The groups receiving the 2020 Kathleen Roberts Creative Leadership Awards also have a record of fighting for public education — and for equity.
The Black students who brought back the dormant Black Student Union at Cambridge Rindge and Latin in 2017 faced significant obstacles as they sought to revive an extracurricular student club in a city still struggling with racism, wrote Kevin Dua, a history teacher at the school and adviser to the group, in his letter of nomination.
Dua, a past recipient of the Kathleen Roberts Creative Leadership Award himself and the 2017 Massachusetts History Teacher of the Year, wrote that the group epitomizes “the cores of volunteerism and leadership that characterized Roberts’ selfless contributions via political action, community organizing and mentoring.”
While past and current members of the BSU have faced “ongoing discrimination, harassment, prejudice, ageism and racism” within their own community, he wrote, the students have persisted in the belief that creating a “safe, brave space for Black youth, in and out of their school building,” was worth it.
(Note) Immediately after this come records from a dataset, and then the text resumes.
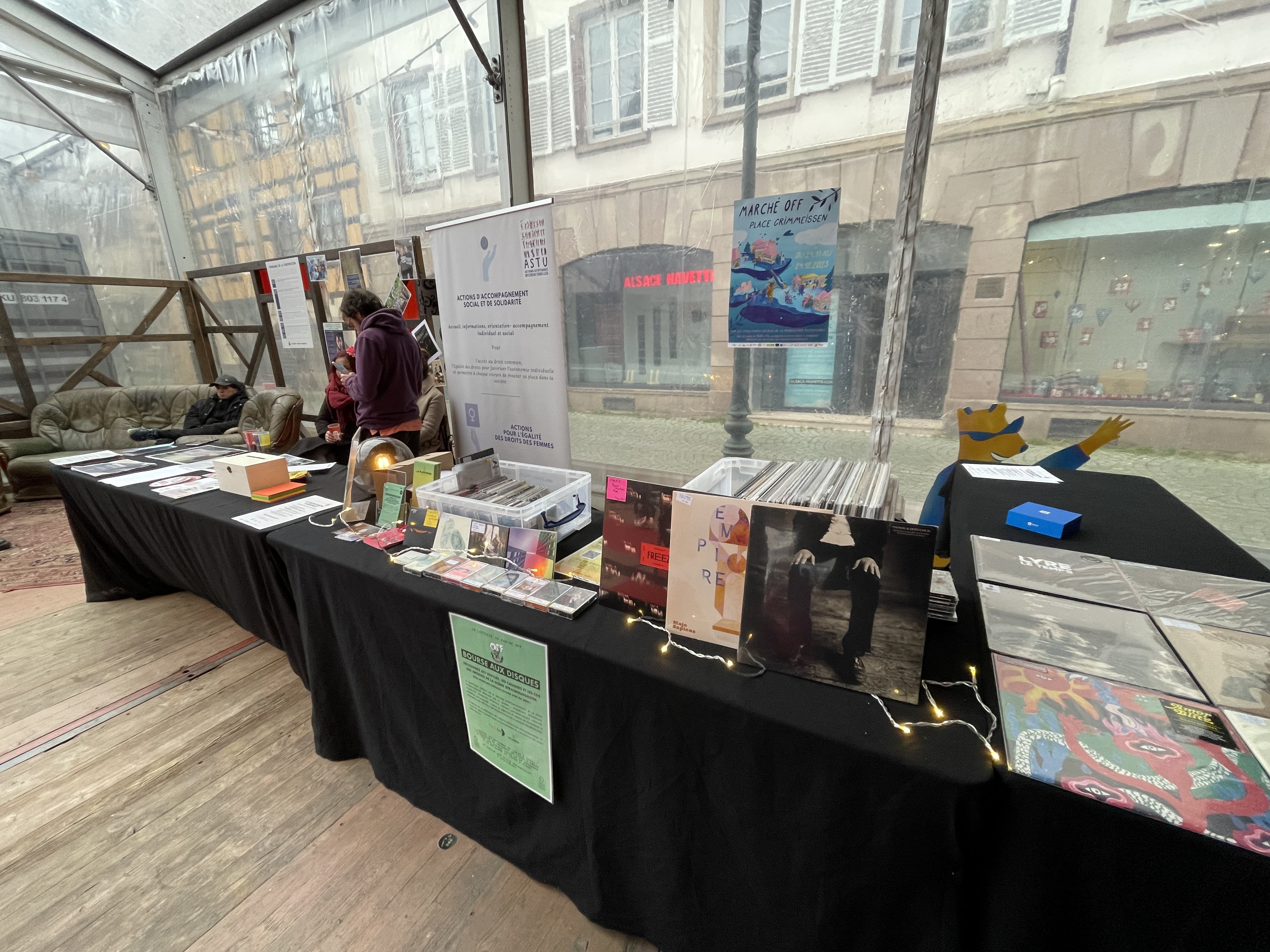 Une bourse aux disque de la scène musicale alsacienne : La Laiterie et La Fédélab se sont associées pour proposer à la vente les disques des artistes et labels de la scène alsacienne, lors du Marché OFF de Strasbourg qui s’est tenu du 24 novembre au 24 décembre Place Grimmeissen à Strasbourg !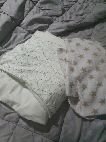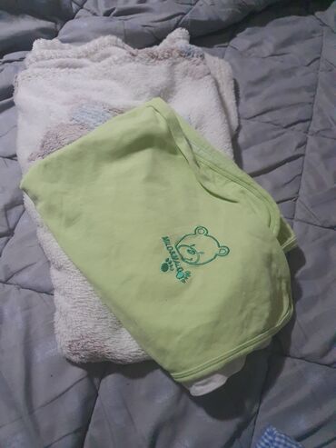 - Mekana dečja ćebad/ćebenca: jedno plišano u bež tonu sa zvezdicama, drugo jednobojno svetlozeleno sa aplikacijom/vezenim medom i natpisom.
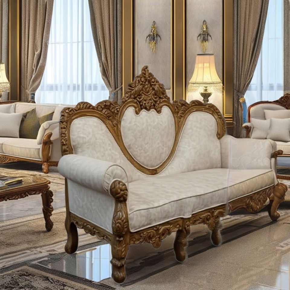 ชุดโซฟาไม้แกะสลักสไตล์วิคตอเรียนสุดหรู ทนทาน แบบฝรั่งเศสโบราณ หุ้มผ้า สำหรับห้องนั่งเล่น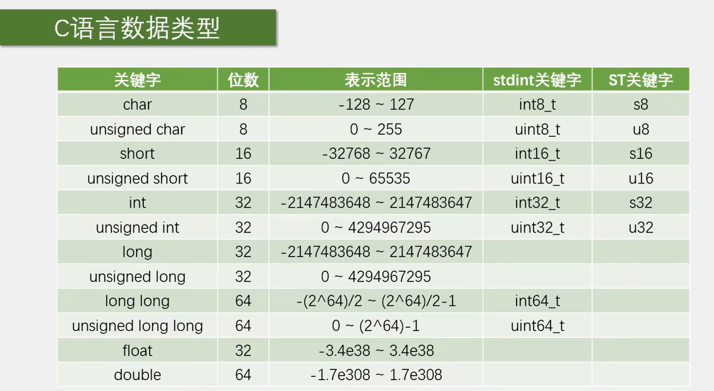 右边是C语言stdint.h文件和ST对这些变量的重命名。右边加个t表示这是用typedef重新命名的变量类型。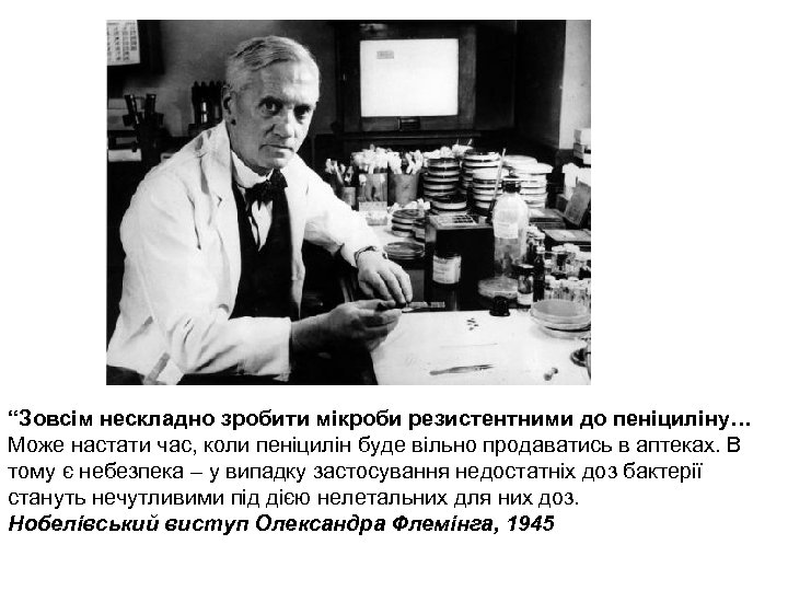 “Зовсім нескладно зробити мікроби резистентними до пеніциліну… Може настати час, коли пеніцилін буде вільно продаватись в аптеках. В тому є небезпека – у випадку застосування недостатніх доз бактерії стануть нечутливими під дією нелетальних для них доз. Нобелівський виступ Олександра Флемінга, 1945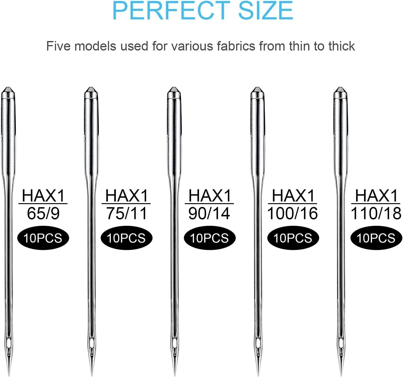 Sewing Machine Needles, 50 PCS Universal Sewing Machine Needle, Compatible with Singer, Brother, Janome, Varmax, Sizes HAX1 65/9, 75/11, 90/14, 100/16, 110/18 (50 PCS) - PREMIUM QUALITY MATERIAL: Made of top quality high-strength steel, sharp smooth, sturdy and durable, not easy to bend, and long service life. - VALUE PACK & PERFECT SIZE:This set come with five sizes: 65/9, 75/11, 90/14, 100/16, 110/18, 10 needles per size, total 50 needles. Also includes 5 storage tubes (free) and 3 bobbins (free). - PERFECT COMPATIBILITY: They are compatible with most household sewing machines or old sewing machines, such as Singer, Brother, Janome, Varmax, etc. Notice! Not suitable for industrial large sewing machines. - ENJOY THE FUN OF DIY: Perfect for thin fabrics such as yarn(size: 65/9), medium-thin fabrics such as shirts, satin (size: 75/11), ordinary fabrics such as windbreakers(size: 90/14), thick fabrics such as jeans(size: 100/16), thicker fabrics such as thick coats(size: 110/18) . - INTIMATE GIFT: The set is an amazing gift for your relatives, friends, families, mother and wife. ***OUR POLICIES: Shipping: FREE SHIPPING. Absolutely Safe! EVERY PACKAGE HAVE TRACKING NUMBER , It will take 3-5 working days from shipment date. All product will be tested in 100% before delivery.If the item is defected by the processing of postage. We attach great importance to your satisfaction. PLS feel free to contact us if anything happens and makes you feel unsatisfied. We ensure you that we will do what we can to solve any problem. Thank you for your watching! Feel free contact me if you have any questions.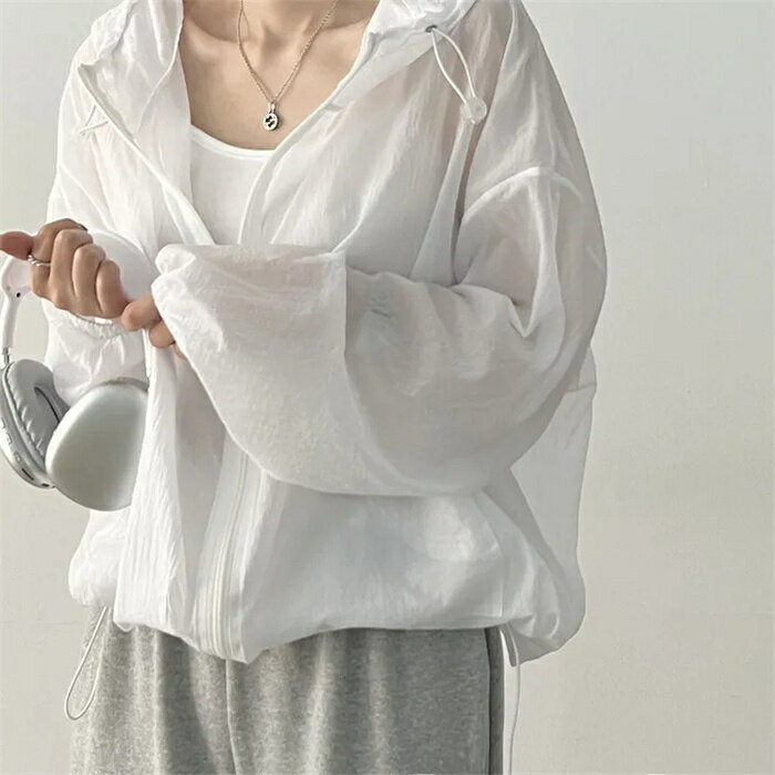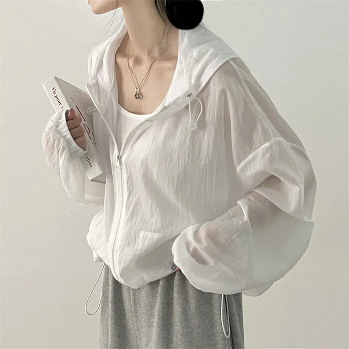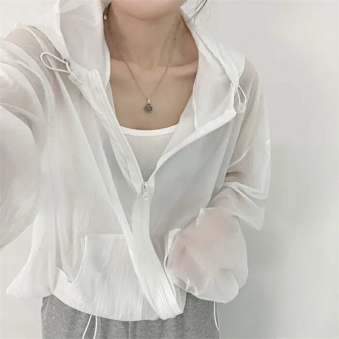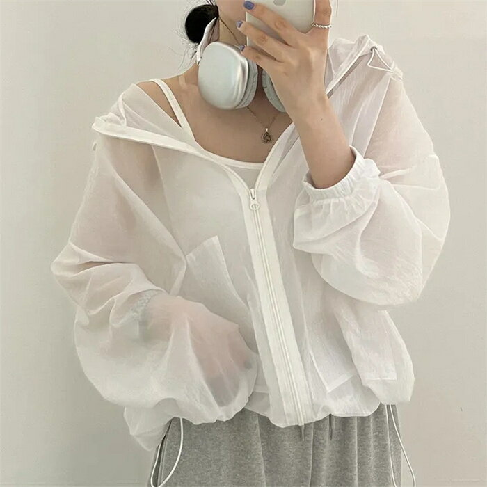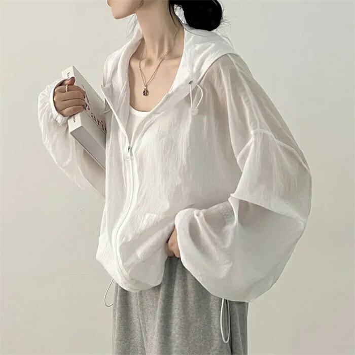 【クーポン利用で2,670円】パーカー uv対策 レディース 透け感 パーカー シアー UVパーカー ブルゾン アウター 薄手 透け感 ゆったり シアーブルゾン ショート丈 ライトアウター 透ける フード付きパーカー バルーンスリーブ サマージャケット 冷房対策 紫外線対策 サマー 夏

In social justice and antiracism work, he added, “These Black student leaders have made an overwhelmingly positive impact and legacy on the lives of others.”
Juliette Low Fleury, a co-founder of the group and a graduate of Cambridge Rindge and Latin, wrote in support of the nomination, “What this group has evolved into has become an empowering, direct source for Black students, and, indirectly, for white students and students of color to recognize their privilege and support to ensure an equitable environment for their classmates.”
The Sutton High School Connections Program is a student, staff and community initiative that addresses social justice issues.
Forty students and seven educators make up the program, which works with others in the community to learn, confront issues of social injustice and teach about acceptance, tolerance, diversity, and privilege.
Michael Whittier, co-president of the Sutton Teachers Association, nominated the group. He wrote as an educator at the high school, but also as a member of the community and the father of a student whose world view has been shaped by the program.
“Ours is a community of privilege,” Whittier wrote, and “a very conservative community by Massachusetts standards.” Sutton is “the last place that such a program might exist,” he wrote, “but most certainly a place that it is needed.” He added that the program fostered his daughter’s engagement in social justice efforts and developed her leadership skills while she was a student.
Over the last couple of years, the group has expanded its powerful social justice mission, initiating the Connections Conference, known as the “ConCon.” In 2019 the ConCon brought in more than 500 students and educators from 37 schools around New England. Last year’s ConCon, scheduled for March, had grown to include more than 800 participants from 50 schools.
The students were devastated when the event had to be canceled due to the COVID-19 pandemic. But Connections participants continued meeting remotely after in-person instruction ended — and the group is planning for either an in-person or virtual ConCon this year.